The Financial Conduct Authority (FCA) has confirmed its move to ban all discretionary commission models in motor finance to save car buyers £165 million-per-year and eliminate “conflicts of interest” in the sector.
Set to come into force from January 28 next year, the ban follows consultation in October last year which was expected to result in a final decision in Q2, before the COVID-19 coronavirus held-up the FCA’s decision-making process.
Christopher Woolard, the FCA’s interim chief executive, said: “By banning this type of commission, where brokers are rewarded for charging consumers higher rates, we will increase competition and protect consumers.
“We estimate that consumers could save £165m because of today’s action.”
The FCA said that, during the course of its investigation into motor finance, those contesting its plan to implement a ban on discretionary rates said that a ban would penalise those firms that use these commission models to deliver a customer benefit – the Reducing Difference in Charges (reducing DiC) model.
“Similarly, a trade body argued that disclosure alone would allow consumers to make informed decisions about the true cost of a product,” the FCA said.
Others argued that an interest rate cap would provide an effective solution.
But the FCA concluded that an outright ban would be the “most effective way of addressing harm”.
Its report, published today (July 28), said: “While some firms may feel comfortable that they can operate these commission models responsibly, they still present brokers with an incentive to charge customers more.
“The harm we identified in the motor finance review – which looked at Increasing DiC, Reducing DiC and Scaled models – shows that robust, proportionate action is required.”
Commenting on the FCA’s announcement, Adrian Dally, head of motor finance at the Finance and Leasing Association (FLA), said: “This is a welcome announcement from the FCA as it provides clarity for the industry.
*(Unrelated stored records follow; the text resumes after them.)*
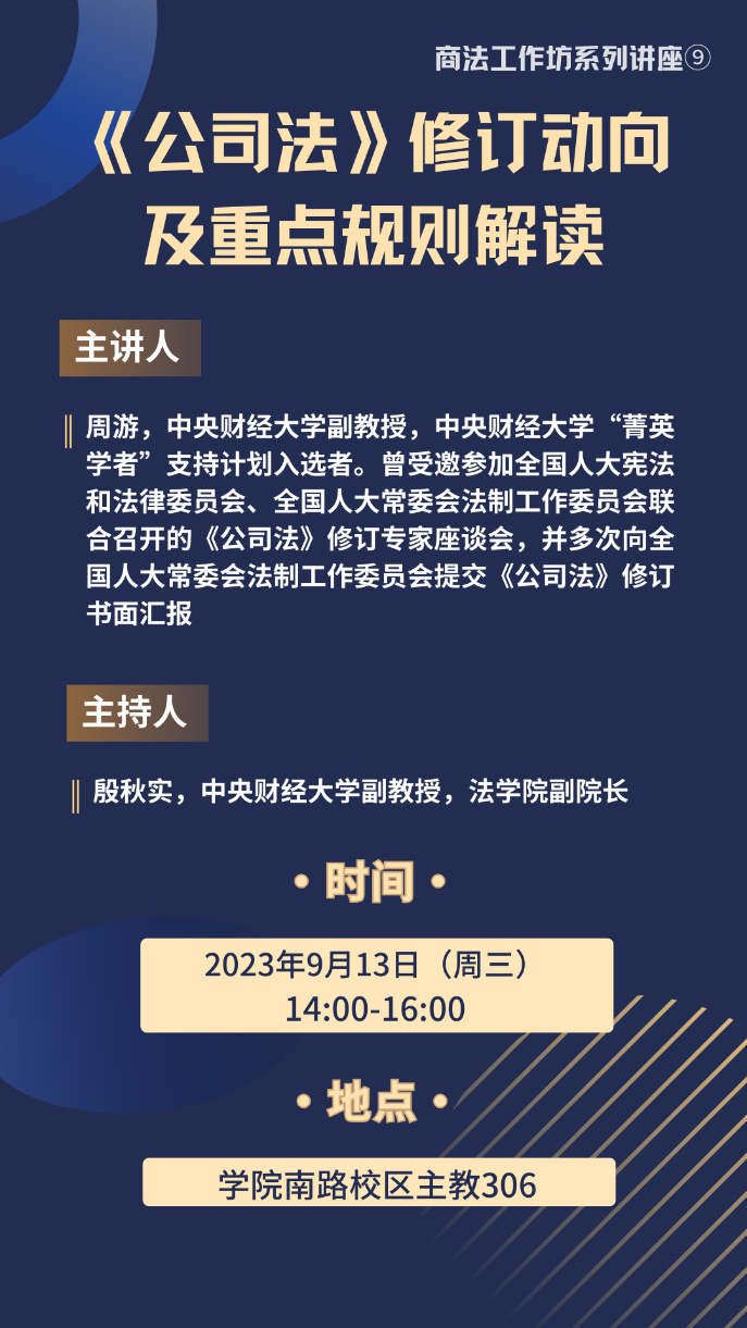 主讲人:周游,mg4355vip检测中心副教授,mg4355vip检测中心“菁英学者”支持计划入选者。曾受邀参加全国人大宪法和法律委员会、全国人大常委会法制工作委员会联合召开的《公司法》修订专家座谈会,并多次向全国人大常委会法制工作委员会提交《公司法》修订书面汇报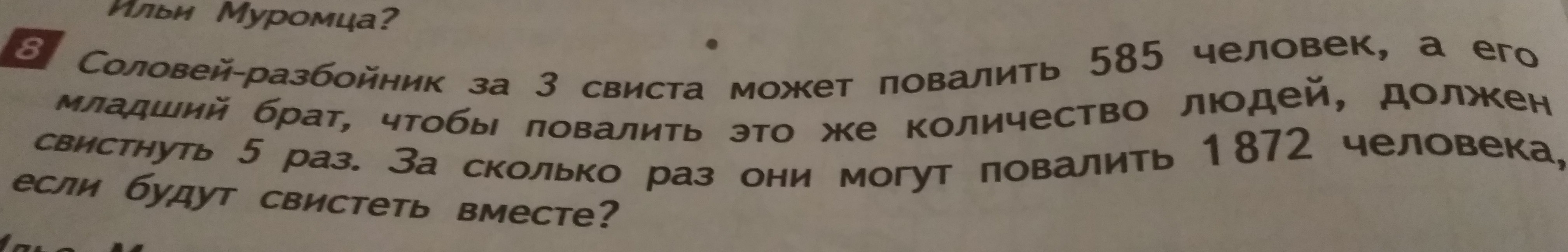 585/3=195 человек за один свист может повалить Соловей Разбойник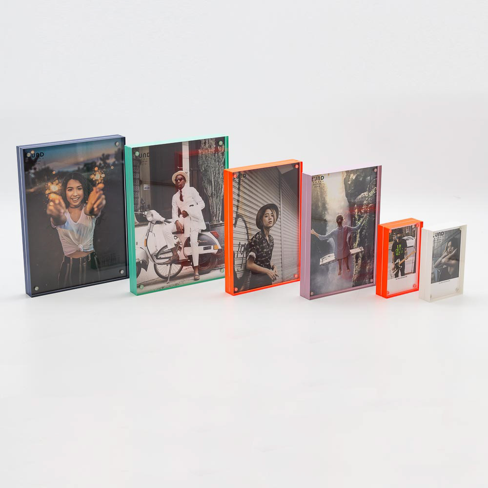 Superleuk zijn de fotoframes van Lund London! Deze zogenaamde Skittle-frames zijn gemaakt van hoogwaardig Japans recyclebaar acryl en afgewerkt met een gekleurde rand voor een speelse touch. Jouw foto’s kun je vrijstaand weergeven, zowel in staande als liggende positie. Door de magneetsluiting kun je heel gemakkelijk en snel jouw foto’s veranderen. Zo heb je iedere week een nieuwe favoriete herinnering op je bureau!

We are also pleased that the regulator accepted our point about the need to monitor the consumer hire market as the ban on discretionary commissions does not extend to personal contract hire agreements.”
As part of the changes made by the FCA, it has also amended its guidence related to commission disclosure.
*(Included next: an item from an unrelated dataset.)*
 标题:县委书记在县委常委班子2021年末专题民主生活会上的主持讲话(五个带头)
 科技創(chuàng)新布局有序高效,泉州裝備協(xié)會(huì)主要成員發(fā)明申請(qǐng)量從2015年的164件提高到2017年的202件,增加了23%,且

CONC 3.7.4G is amended so it is clear that firms should disclose the nature of commission in their financial promotions (as well as when making a recommendation).
The FCA said that the guidence clarifies that firms should consider the impact commission could have on a customer’s willingness to transact and that firms should consider whether and how much commission can vary depending on the lender, product or other permissible factors and tailor their disclosures accordingly.
CONC 4.5.3R clarifies that the existence and nature of commission arrangements where the commission varies depending on the lender, product or other permissible factors should always be disclosed prominently.
The disclosure must also cover how the arrangements could affect the price payable by the customer, it said.
The FCA described its changes to commission disclosure as “relatively minor”, adding that they had been designed to be “low cost and result in refinements to firms’ existing practices”.
It said: “We believe our changes will make it more likely that consumers get timely information. In turn, this should increase (consumers’) ability to make more appropriate decisions.”
The FCA said that the current discretionary finance rates offered by some car retailers and brokers created an incentive to sell more expensive credit to some customers as a result of commission which is linked to the interest rate that a customer pays.
Under the discretionary system, a broker can effectively set its own interest rate and the FCA found that the widespread use of this type of commission creates an incentive for brokers to “act against customers’ interests”.
Preventing the use of this type of commission would remove the financial incentive for brokers to increase the interest rate that a customer pays and give lenders more control over the prices customers pay for their motor finance.
Many car retailers have already moved away from a discretionary model. However, the FCA said that it has agreed to give firms limited additional time to implement the new rules in the light of consultation feedback and the additional operational pressures which the sector is facing at present.
It also issued a warning to finance operators who might seek to find a new commission-based model to reinstate higher levels of income from motor finance, however.
The FCA said: “We will look closely at any attempt by a motor finance firm to introduce a commission model that could lead to the same harm that we have sought to ban.
“We will monitor how well firms comply with the ban on discretionary commission models by carrying out supervisory work across a sample of firms. This work will start in September 2021.
“We will also carry out a point-of-sale mystery shop exercise to measure lenders’ control over dealer networks.”